The foundation of contemporary traditionalism in architecture and urban design lies in European post-modernism, which developed starting in the late 1960s. This is true not only of what is now taking place in Europe, but also of what is going on in the United States under the aegis of New Urbanism. Remarkably little attention is being paid to this in the United States. What’s more, the dominance of the United States has even led to the New Urbanism that took shape there in the early 1990s now being exported to Europe. (In this regard, New Urbanism is not much different from Starbucks, which has been trying to find a niche in the European market with an American interpretation of the European café).

—p. 55

Ibelings’ perceptive observations deserve to be read in full, but allow me to make an observation: the crux of his book hangs on the nature of “tradition,” or being “traditional” today, and the paradoxes, occasional hypocrisy, and inevitable shortcomings of that position he charts as well as its appealing aspects.
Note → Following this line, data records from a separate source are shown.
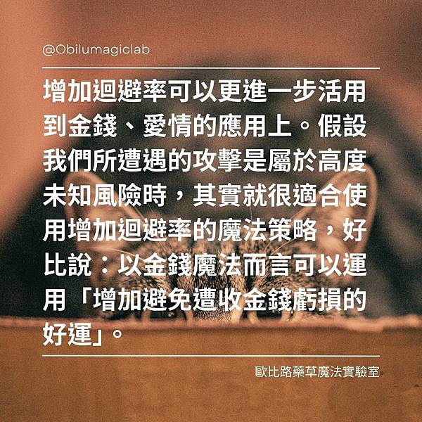 後來在反覆操作的經驗中,發現到其實增加迴避率可以更進一步活用到金錢、愛情的應用上。假設我們所遭遇的攻擊是屬於高度未知風險時,其實就很適合使用增加迴避率的魔法策略,好比說:以金錢魔法而言可以運用「增加避免遭收金錢虧損的好運」;以愛情魔法來說則可以運用「增加避免遇到恐怖情人接近的好運」。
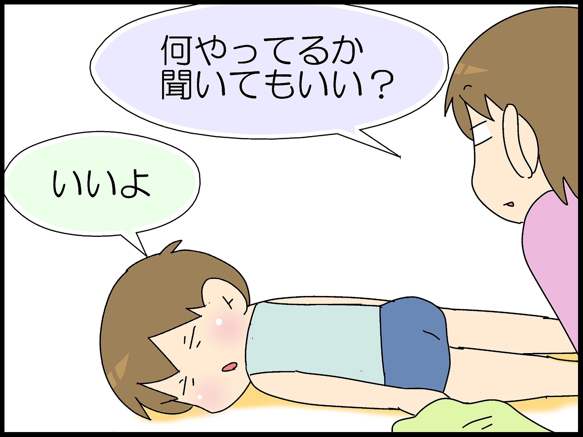 私は(一応)定型発達ですが、モロさんの「何をしてるか聞いてもいい?」という声かけにはイエスorノーで答えてしまうかも!って思いました。だからなにってことはなくオチもありませんが、一感想として受け取っていただければ幸いです。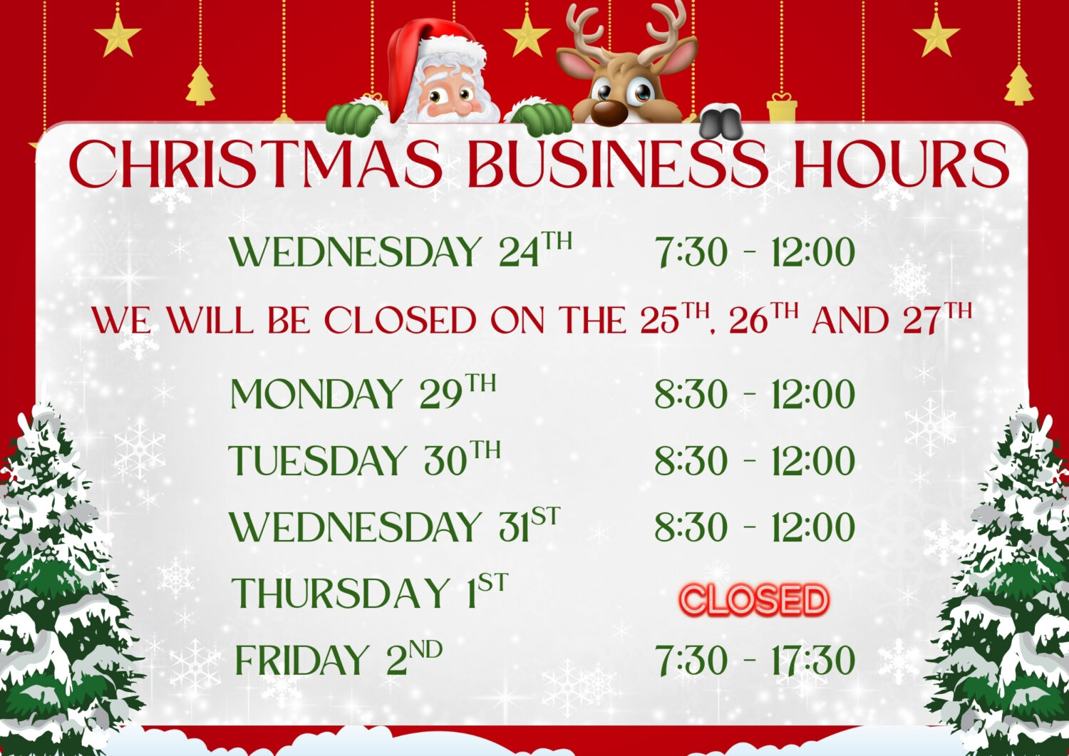 Christmas Business Hours 2025
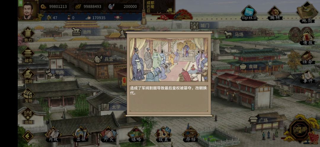 也可以让吕布结婚,然后生后代,后代大概率会继承父母的特技,子女出仕前一年记得存档,一般都是二月份出仕,所以上一年十二月份的时候手动存档,出仕后子女如果没有继承到吕布的特技,那就读档,直到有为止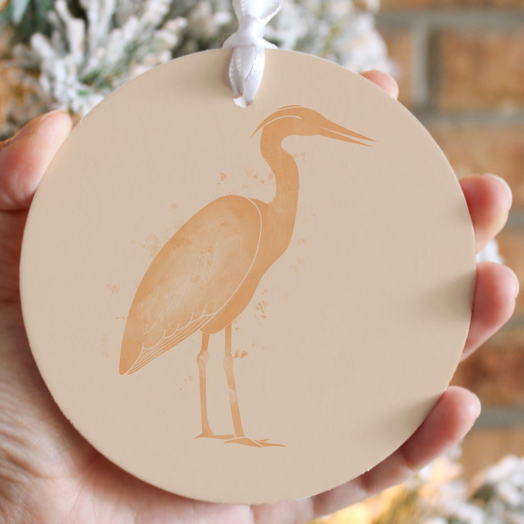 Louisiana Colorful Water Color Heron | Wood Ornament | Eaches | Min 6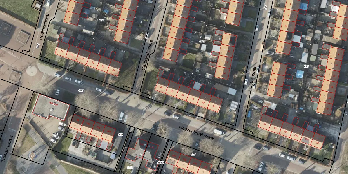 Het perceel waarop Meezenbroekstraat 87 staat heeft een oppervlakte van 4150 m². Dit is een zeer groot perceel. De perceeloppervlakte wordt geregistreerd door het Kadaster. Gedetailleerde informatie over de maten van dit perceel kunt u vinden in het rapport Kadastrale kaart met maatvoering van Meezenbroekstraat 87.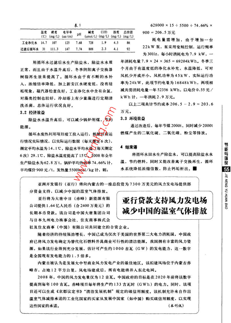 利用循環(huán)水回水王產(chǎn)期高水的能劉紅春(漸江新安化工集團股份有限公司,漸江杭州311600)浙江新安化工集團股份有限公司建德熱電廠共有兩臺6000kW發(fā)電機組,其中一臺抽背機組,臺抽凝機組。電廠循環(huán)水主要用于抽凝機組冷凝器換熱,循環(huán)水換熱后經(jīng)冷卻塔冷卻后循環(huán)使用。由于抽凝式汽輪機冷源熱損失很大,乏汽在凝結成凝摘要循環(huán)水回水經(jīng)過的熱交換后,溫度在25~結水過程中所釋放出的熱量通過循環(huán)水換熱被循環(huán)37℃左右,比生產(chǎn)除鹽水的原水溫度高,用循環(huán)水吸收而浪費掉了,造成了能源的浪費。循環(huán)水系水生產(chǎn)除鹽水,可以提高除鹽水水溫,降低循環(huán)節(jié)統(tǒng)保有水量450m3,循環(huán)水出水水溫度24~32水濃縮倍率,節(jié)約燃料,降低消耗,減少污染?;厮疁囟?8~36℃。工廠除鹽水生產(chǎn)原水取于新安關鍵詞:熱電廠;循環(huán)水:除鹽水能與保52飛江江水,新安江江水是新安江大壩水下60m深的水發(fā)電時排出的,因此長年水溫恒定,平均水溫在152改造后的工藝541℃左右。江水經(jīng)預處理后為工業(yè)凈化水,再供陰陽將循環(huán)水系統(tǒng)與除鹽水生產(chǎn)系統(tǒng)聯(lián)在一起,將離子交換器生產(chǎn)除鹽水,現(xiàn)有除鹽水生產(chǎn)共有兩套凈化水作為循環(huán)水補充水,將原工業(yè)凈化水改為循60t/h、兩套35t/h的陰陽離子交換器,一開一備,環(huán)水補水,將循環(huán)水回水通過回壓泵加壓再經(jīng)雙層毎小時用水量在70~90t左右。用循環(huán)水生產(chǎn)除鹽濾料機械過濾器過濾后,到陰陽離子交換器交換,水可以將除鹽水水溫提高15℃以上,全年可節(jié)約大生產(chǎn)除鹽水,使除鹽水水溫提高,如圖2。量的燃料。離子交換躕1改造前的循環(huán)水除鹽水工藝(圖1)循環(huán)水池除碳器工業(yè)凈化水回水中水泡28~36℃24~32℃陽離子交換器離子交換器工業(yè)凈化水工業(yè)水(少量補水)機械過濾子除碳器除鹽水篇凝汽器循環(huán)水池水溫平均30)中間水池鍋爐除氧器[開離∫交糗器出水圖228-36℃+24-32℃除鹽水箱凝汽器3實際效果水溫平均15℃3.I水質(zhì)情況[鍋鐘除召通過以上改造后除鹽水溫度增加了,陰陽離子交換器進水水質(zhì)達到要求,表1是循環(huán)水經(jīng)過濾后水質(zhì)與凈化水水質(zhì)對比情況628000×15÷5500÷74.66%X溫度硬度電導率堿度CD濁度總溶固900=206.5萬元(℃)(mg/L)(us/cm)(umol/L)(mg/L)(mg/L)(mg/L)工業(yè)凈化水14.71071257.68728194.586耗電量需增加,由于增加一臺過濾后環(huán)水31Ⅲ1:31#1x80823449222W,.果用變頻控制,運行頻率為30Hz,每小時消耗電為7.9kW,用循環(huán)水過濾后水生產(chǎn)除鹽水,除鹽水水質(zhì)年消耗電量7.9×24×365=69204kWh。冬季三正常,而且由于水溫升高后,冬季陰陽離子交換器個月由于有溫度低的凈化水補充,水溫降低,可對樹脂再生效果提高了。循環(huán)水由于有不斷的水補風機少開或開小,風機功率為45kW,實際運行功入,濃縮倍率降低,加上新安江水硬度低,沒有結率為24kW,此項節(jié)約電量為16848kWh,兩項相垢現(xiàn)象,凝汽器檢查良好,工業(yè)凈化水中含有余氯,減共需消耗電量一年52356kWh,以電價055元/對藻類控制也較好,冷卻塔上有少量藻進行定期清kWh計,一年消耗2.9萬元。洗殺菌,總體運行狀況良好以上二項共計節(jié)約成本206.5-2.9=203.63.2經(jīng)濟效益萬元。除鹽水水溫升高后,可以減少鍋爐用煤,節(jié)約3,3環(huán)境效益能源通過改造后,每年節(jié)煤2000t,同時減少2000t循環(huán)水廢熱利用項目竣工投入運行,根據(jù)目前運燃煤產(chǎn)生的二氧化硫、二氧化磯、粉塵等排放。行情況實際情況,以實際運行數(shù)據(jù)(每天測定6次),測定平均水溫為14.1℃,除鹽水平均水溫(每天測定4結束語將循環(huán)水回水生產(chǎn)除鹽水,可以提高除鹽水水節(jié)能與6次)29.1℃,除鹽水溫度提高了15℃。2008年全年環(huán)生產(chǎn)除鹽水為62.8萬t,鍋爐平均熱效率746%計,溫,節(jié)約燃料,同時又能改善離子交換再生,循環(huán)保平均煤價900元/t,發(fā)熱量5500kcal/kg計,則水系統(tǒng)降低濃縮倍數(shù),防止鈣垢析出?!?亞洲開發(fā)銀行(亞行)將向內(nèi)蒙古的一座總投資為7300萬美元的風力發(fā)電場提供部分資金支持,以減少中國的溫室氣體排放。亞行將為大唐中日(赤峰)新能源有限亞行貨款支持風力發(fā)電場公司提供1.64億人民幣(合2400萬美元)的長期本幣貸款。該公司是中國大唐集團公司減少中國的溫室氣體排放8與日本九州電力株事會社、住友商事株式會社及住友商事(中國)有限公司共同建立的合資企業(yè)。隨著經(jīng)濟的持續(xù)強勁增長,中國已成為僅次于美國的世界第二大電力消耗國。中國政府已將風力發(fā)電確定為替代化石燃料并具商業(yè)可行性的清潔能源。我國擁有豐富的風力資源,如果該行業(yè)得到充分發(fā)展,估計可產(chǎn)生約1000吉瓦(GW)的發(fā)電能力,這一數(shù)字是全國現(xiàn)有發(fā)電能力的1.5倍多。內(nèi)蒙古被認為是發(fā)展大中型商業(yè)風力發(fā)電產(chǎn)業(yè)的最佳地區(qū)。該擬建風場位于內(nèi)蒙古赤峰市,占地12平方公里,風電場建成后,所有電能將井入東北電網(wǎng)。2008年,中國的風力發(fā)電量僅為12吉瓦。中國政府的目標是在2020年前將該數(shù)字提高到每年100吉瓦。赤峰項目毎年將生

I would say this: “traditional” is an essentially useless word to define what classicists like myself and a few others (Thomas Rajkovich being one) are about: traditionalism only attempts to distinguish itself from modernism, but embodies no standards or aspirations proper to itself. Instead, a humanist approach to the classical language privileges the rhetorical capacity of that language, valuing not only the rigor inherent in great past achievements but the capacity to say something new. If there is a vital cultural future in recovering our past capacity to build well, it is there and only there.